Food Banks in Greater Boston Face the Double Challenge of High Demand and High Costs
In downtown Waltham, a line of people walked the busy school street Thursday afternoon. This is not the rush of the holidays. Rather, it’s the type of demand that the nonprofit Healthy Waltham regularly sees during the pantry it manages twice a month outside the city’s municipal building.
The pandemic has drawn more people to pantries – and high prices in grocery stores have kept them coming back. Greater Boston area nonprofits say demand is higher than at this time last year as more people rely on food donations to offset inflationary pressure. And for those who sell and transport food to people in need, rising prices and rising demand have been a double whammy on budgets.

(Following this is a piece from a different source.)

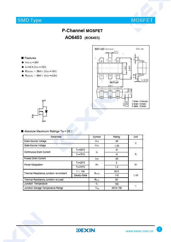 ● VDS (V) =-30V ● ID =-6 A (VGS =-10V) ● RDS(ON) < 35mΩ (VGS =-10V) ● RDS(ON) < 58mΩ (VGS =-4.5V)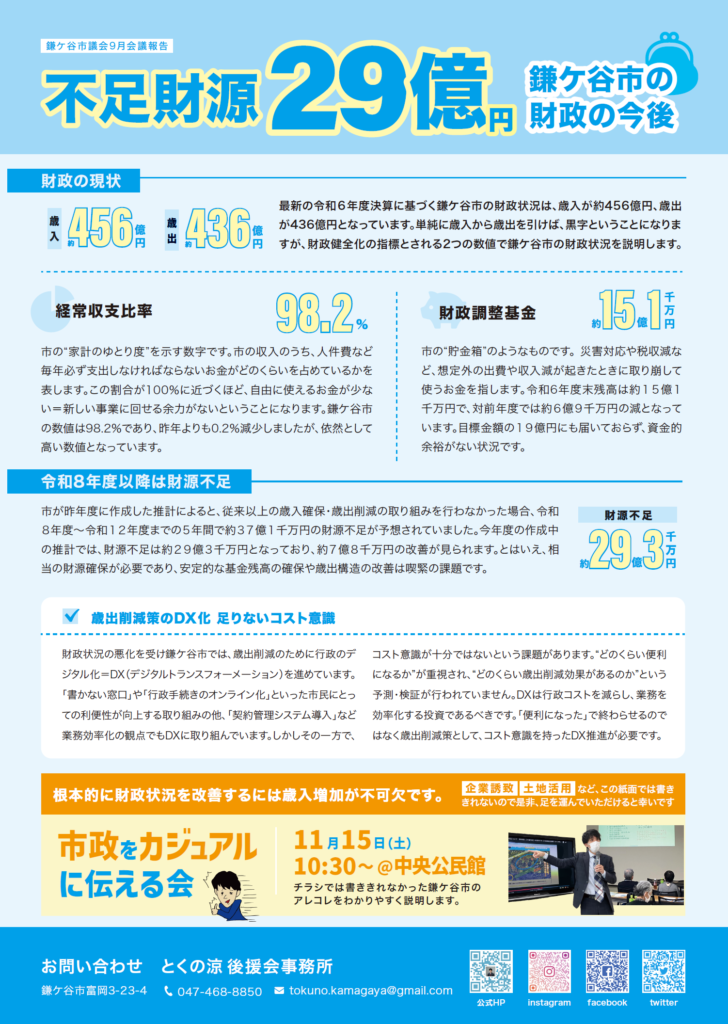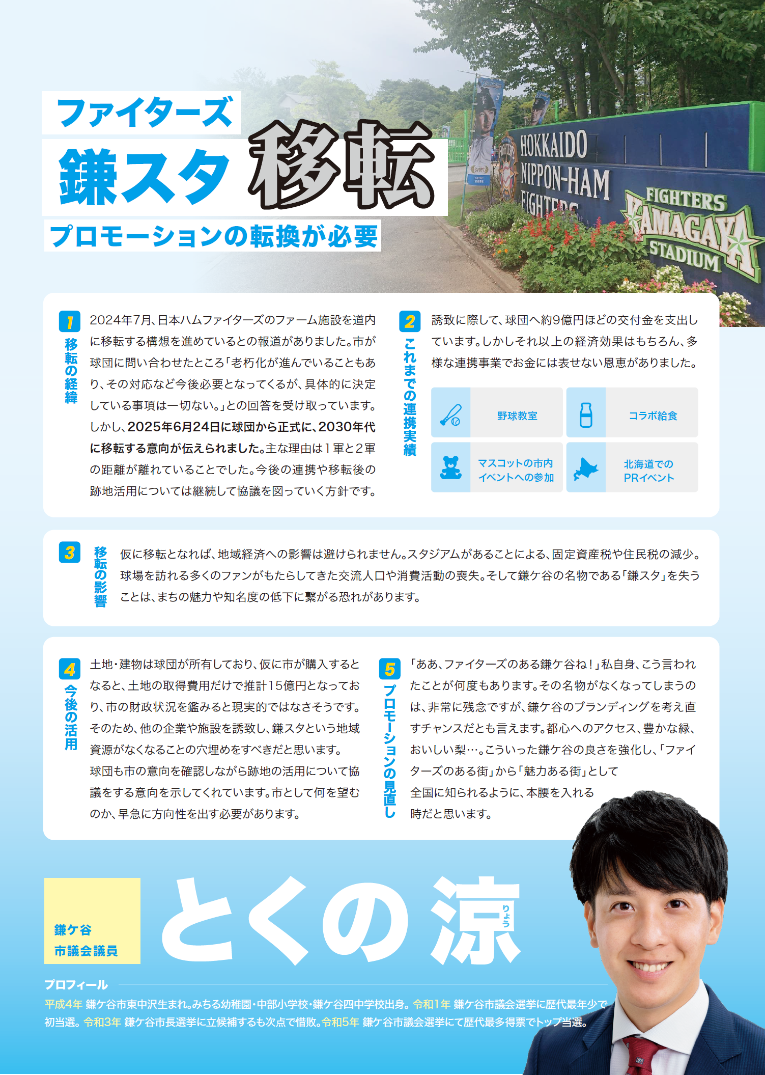 鎌ケ谷市のブランディングを考え直すチャンス 投稿者: 徳野 涼2025年11月6日2025年11月6日news 新しいチラシが完成しました。ファイターズ鎌スタ移転についてと、鎌ケ谷市の財政の今後についてまとめています。

Wang Yihao, an 83-year-old Waltham resident, arrived four hours earlier to lead the distribution of Healthy Waltham. He said he and his wife were feeling the pressure of higher prices. âWe have to come here to get charity,â he said. “The increase in the price of meat hurts us the most, and that of vegetables also has an impact.”
A few blocks down, Delmi Marroquim, 35, worried that the pantry might run out of many items by the time she got there. She said her husband, a construction worker, had recently found part-time work after a long pandemic shutdown, but feeding her young children had become more difficult due to inflation.
âFood prices are higher now,â said Marroquim, âI can’t buy as much as I used to because they have gone up so much. ”
These price increases also affect Boston area nonprofits. Sasha Purpura, executive director of the nonprofit Food For Free, said they had made more compromises than usual to cut costs. For example, this year they âsplurgedâ on cooking oil for many of their donation boxes. Normally a year-round staple, she said the cost of oil rose 10% in October alone. Rather than reducing, the association devoted a larger part of its budget to its purchase.
“It’s Thanksgiving, and we expect people to be doing a lot of cooking. It’s something a lot of families are struggling to afford. So we just made the decision to spend the dollars and buy the oil. Said Purpura.
The Greater Boston Food Bank, which distributes food to more than 600 partners including Food for Free, has received status reports of growing demand. Cheryl Schondek, senior vice president of food acquisition and supply chain, expects the nonprofit to distribute 10% more meals during the holiday season than the last year.
With prices rising year round, Schondek said the food bank started planning Thanksgiving in April. At the time, turkey prices had increased by 10%; now they are standing 24% in retail stores. And, she says, the price of sweet potatoes has gone up 28%. Global shortages are also impacting many of the basic items they need.
âNot only were there shortages of truck drivers, but there were also shortages of supplies, like aluminum cans, cardboard boxes, wooden pallets. All of this has a negative effect on what we’re trying to achieve, âSchondek said.
As she watched Healthy Waltham employees stack 700 frozen turkeys for distribution, operations manager Maria Dimaggio said supply chain issues make it difficult to know what will be available.
âA specific example is milk and eggs,â Dimaggio said, âSometimes we can get them, sometimes we can’t. In addition, the meat, the chicken are inconsistent. A few pantries, we couldn’t get any chicken.
And after several years of increased demands on donors during the pandemic, nonprofits are hoping the fatigue hasn’t set in.
âPeople are extremely generous during this time and we hope they also understand that this need has not diminished,â Purpura said. “In fact, in many cases it got worse because of inflation.”
WATCH: Turkey with an Inflation Side: On a supply line in Waltham, Massachusetts.